[EXERCISE DIRECTIONS] Go to the line with "Crisanto Avelino Sanches" in the entries below and write out every line from there through the line with "7x10 ft /214X305", exactly and without pictures.

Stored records
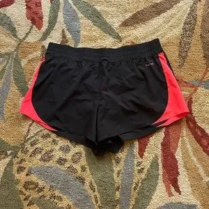 Nike pink and black running shorts. Stretchy band on waist, good for the summer and for working out in!!
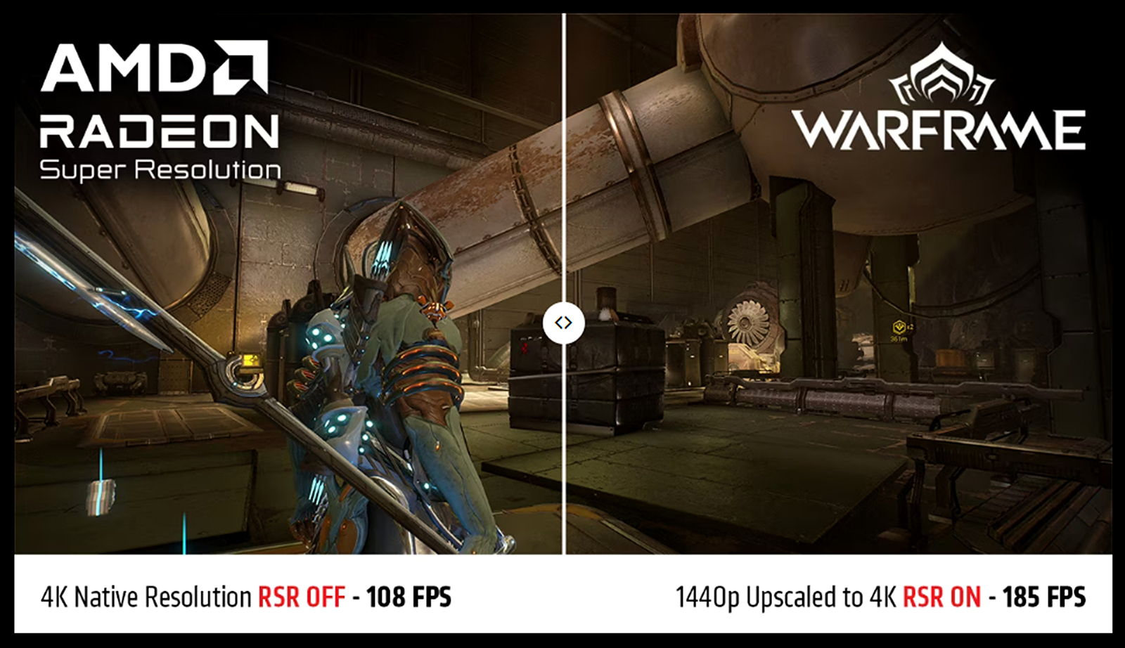 RSR (Radeon™ Super Resolution)은 FSR (Fidelity Super Resolution)과 달리 드라이버 레벨에서 적용 가능한 업 스케일링 기능입니다. 전체 화면이나 테두리 없는 전체 화면에 사용 가능합니다.
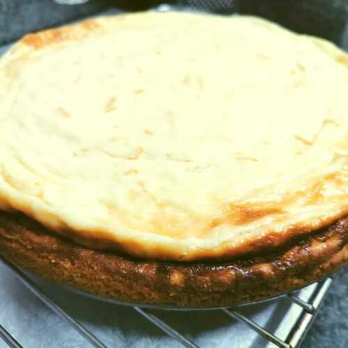 Unctuous and tangy baked cheesecake flavoured with Limoncello and with large dollops of lemon curd and a biscuit base
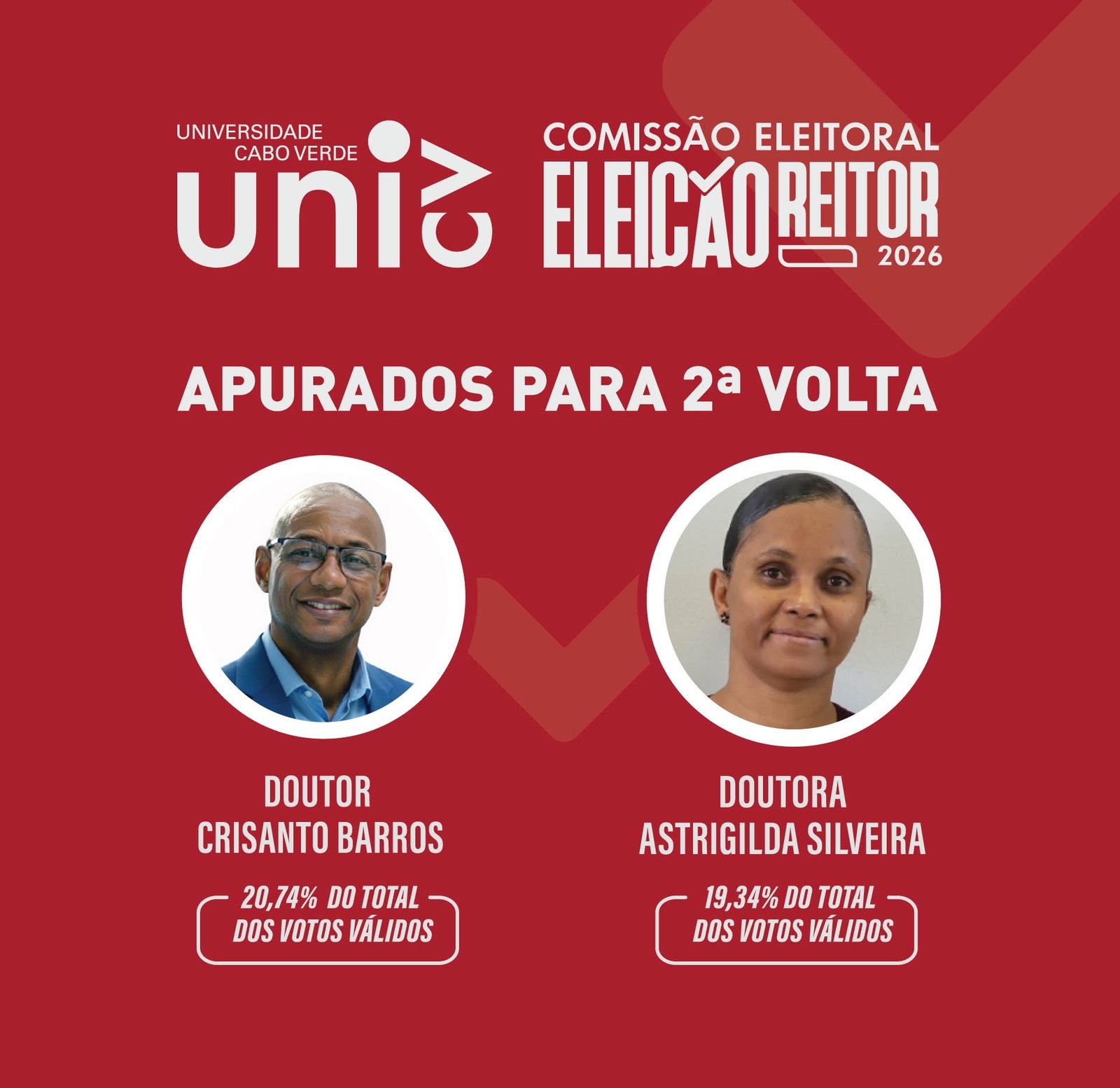 Crisanto Avelino Sanches de Barros, com 20,74% dos votos, e Astrigilda Pires Rocha Silveira, que obteve 19,34%, garantindo assim a passagem para a 2.ª volta das eleições.
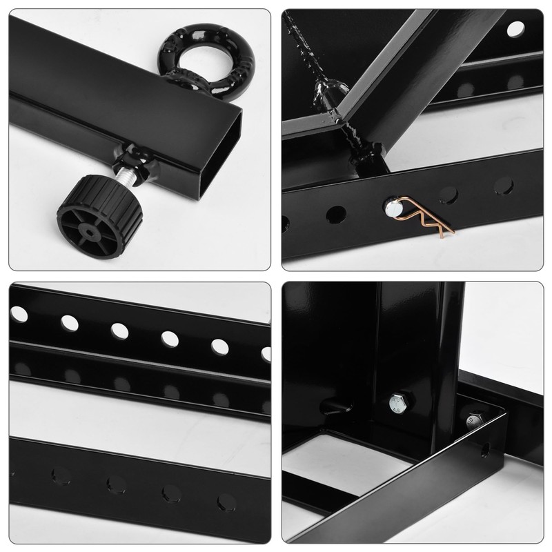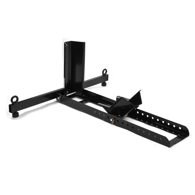 - It features two eye loops for straps and a tilting wheel adapter that automatically holds a tire securely.
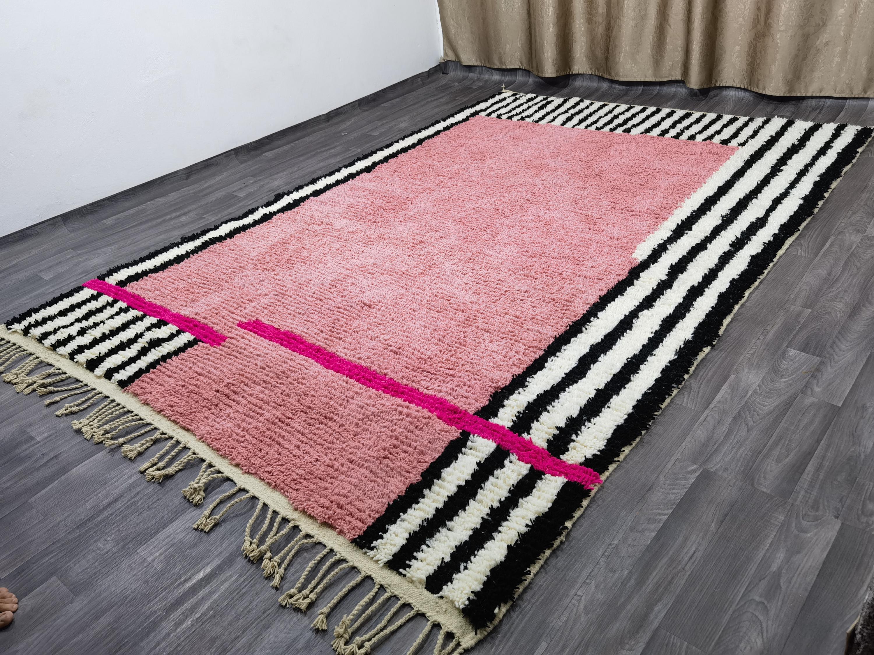 7x10 ft /214X305 cm - Moroccan Pink Rug - Handmade Morrocan Rug, Authentic Berber Rug, Bohemian Style Rug For Living Room .
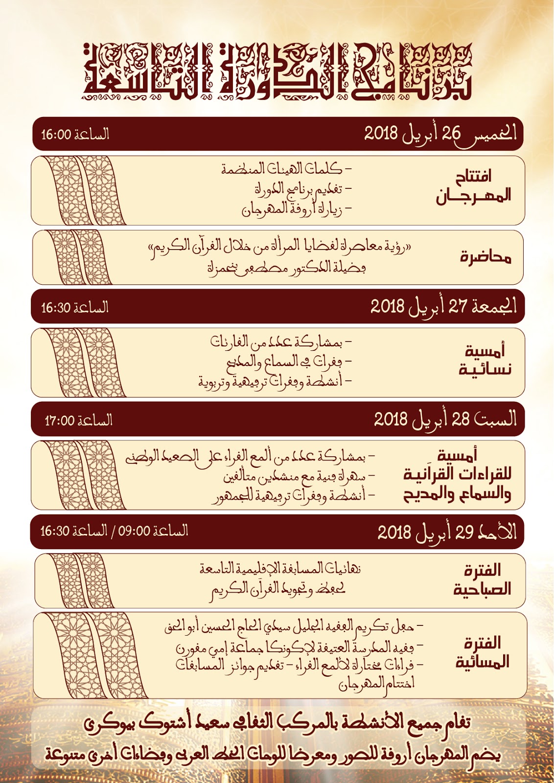 وسعيا من اللجنة المنظمة للمهرجان للحفاظ على المكتسبات المحققة ، وتحقيق المزيد من التميز والاستمرار والاشعاع ، فان الدورة التاسعة لهذه التظاهرة سوف تشهد تنظيم محاضرة مركزية في موضوع “رؤية معاصرة لقضايا المرأة في القرءان الكريم”لفضيلة العلامة الدكتورمصطفى بنحمزة عضو المجلس العلمي الاعلى ورئيس المجلس العلمي المحلي لوجدة، فضلا عن إجراء الدور النهائي للمسابقة الاقليمية التاسعة لحفظ القرءان وتجويده، كما أنه سيتم تكريم الفقيه الجليل الحاج الحسين ابو الحق فقيه المدرسة العتيقة اكونكا بجماعة امي مقورن، إضافة إلى أن الدورة ستعرف مشاركة العديد من القراء المشهورين، ومجموعات المديح والسماع، إضافة إلى تنظيم أنشطة موازية.
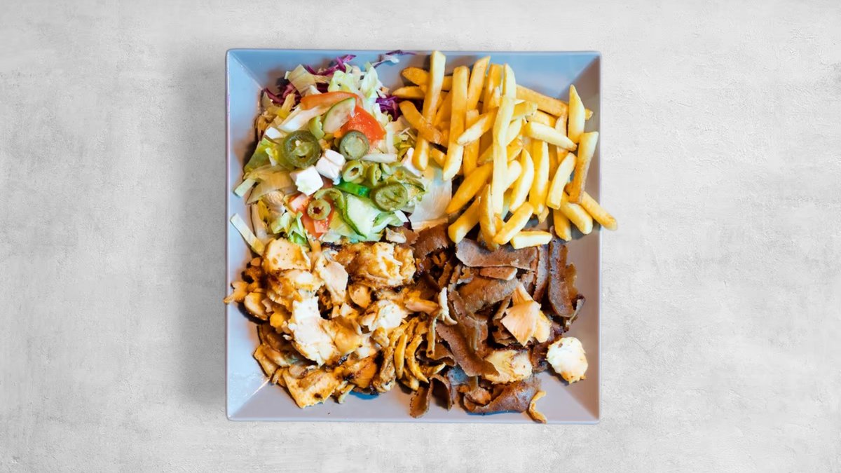Mięso, frytki, surówka, sos
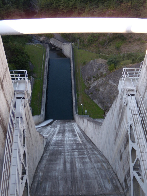 洪水吐は500mほどあり、ダムサイトへの道路をまたぐスキージャンプ式減勢工↓に続く
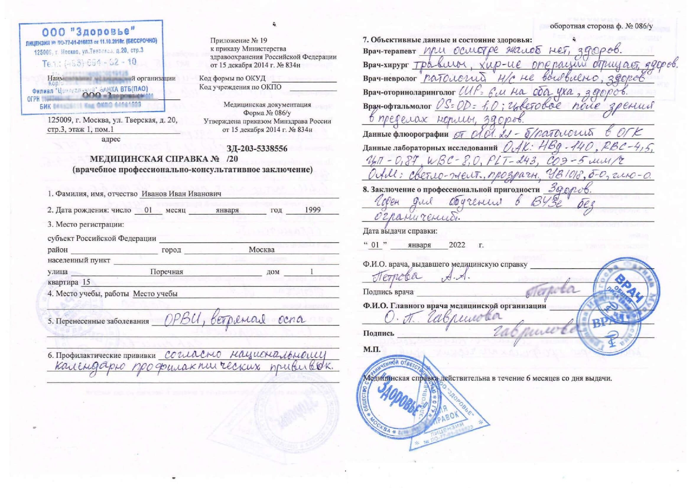 | Медицинская комиссия для справки на работу (ф 086 ) | 2000 | 6 мес |
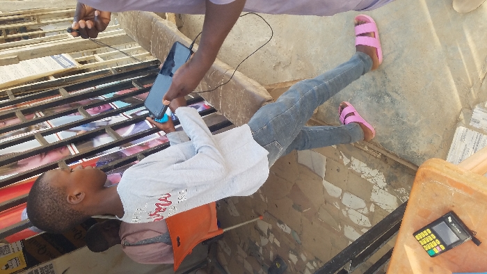 This image depicts an outdoor or semi-outdoor scene situated in Masaka, Nigeria. The primary subject is a young male, appearing to be a child or adolescent, standing in a partial profile facing right. He has short, dark hair and wears a light grey long-sleeved shirt with partially visible red lettering on the upper back, blue jeans, and pink open-toed slides. His hands are actively engaged with a small, light blue handheld device. A second individual, whose right arm and left hand are visible on the right side of the frame, holds a dark-colored smartphone directly in front of the young male. A black cable extends from this smartphone to an earbud or small audio device held in the second individual's left hand. This setup suggests an interactive activity, possibly gaming or a mediated communication, where the young male is using the blue device to control or interact with content on the smartphone. In the upper left background, a third individual is partially visible, seated on an orange plastic chair, wearing a light-colored top. The immediate background consists of vertical dark metal bars, behind which colorful posters or advertisements are displayed on a wall. The ground in the foreground is covered with light-colored, possibly patterned, tiles, transitioning to a rougher concrete surface towards the right. In the lower left foreground, a black POS terminal with yellow and green buttons and a small screen rests on a light brown wooden stool or table.
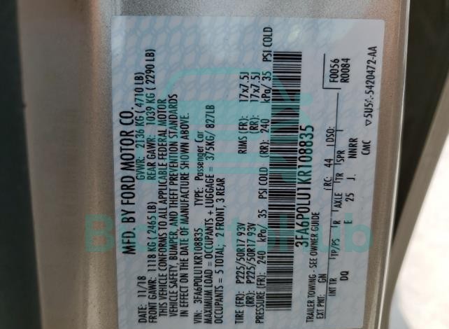 | VIN | 3FA6P0LU1KR108835 |
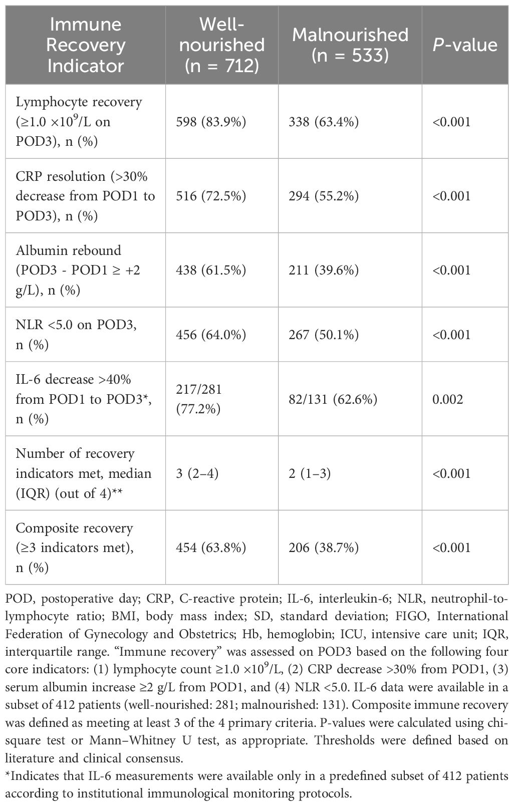 Our findings substantiate and extend existing evidence linking malnutrition to postoperative vulnerability in cancer patients. While hypoalbuminemia and low BMI have previously been associated with increased morbidity and mortality in gynecologic oncology (18, 19), most prior research has not examined immune recovery as a distinct biological endpoint. By focusing on lymphocyte count on postoperative day 3 (POD3)—a clinically validated surrogate marker of immune function in the immediate postoperative period—our study contributes to the growing clinical understanding of host immune restoration following surgical stress. This approach is supported by recent evidence in spine surgery patients, where lower POD3 lymphocyte levels were significantly associated with increased risk of postoperative infections, reinforcing its prognostic utility in immunologic surveillance (20). Similarly, in minimally invasive thoracic surgery for non–small cell lung cancer, POD3 leukocyte and lymphocyte dynamics were shown to correlate with surgical stress intensity and early recovery outcomes, further validating this metric as a reliable indicator of immune recovery (21). Lymphocyte count <1.0 ×109/L has been widely adopted in immune-oncology studies as a threshold indicating immunosuppression, particularly in the perioperative setting (22, 23). Our inclusion of complementary markers such as CRP, albumin kinetics, and NLR further strengthens the multidimensional assessment of postoperative immunologic recovery.

[SOLUTION TO THE EXERCISE]
 Crisanto Avelino Sanches de Barros, com 20,74% dos votos, e Astrigilda Pires Rocha Silveira, que obteve 19,34%, garantindo assim a passagem para a 2.ª volta das eleições.
 - It features two eye loops for straps and a tilting wheel adapter that automatically holds a tire securely.
 7x10 ft /214X305 cm - Moroccan Pink Rug - Handmade Morrocan Rug, Authentic Berber Rug, Bohemian Style Rug For Living Room .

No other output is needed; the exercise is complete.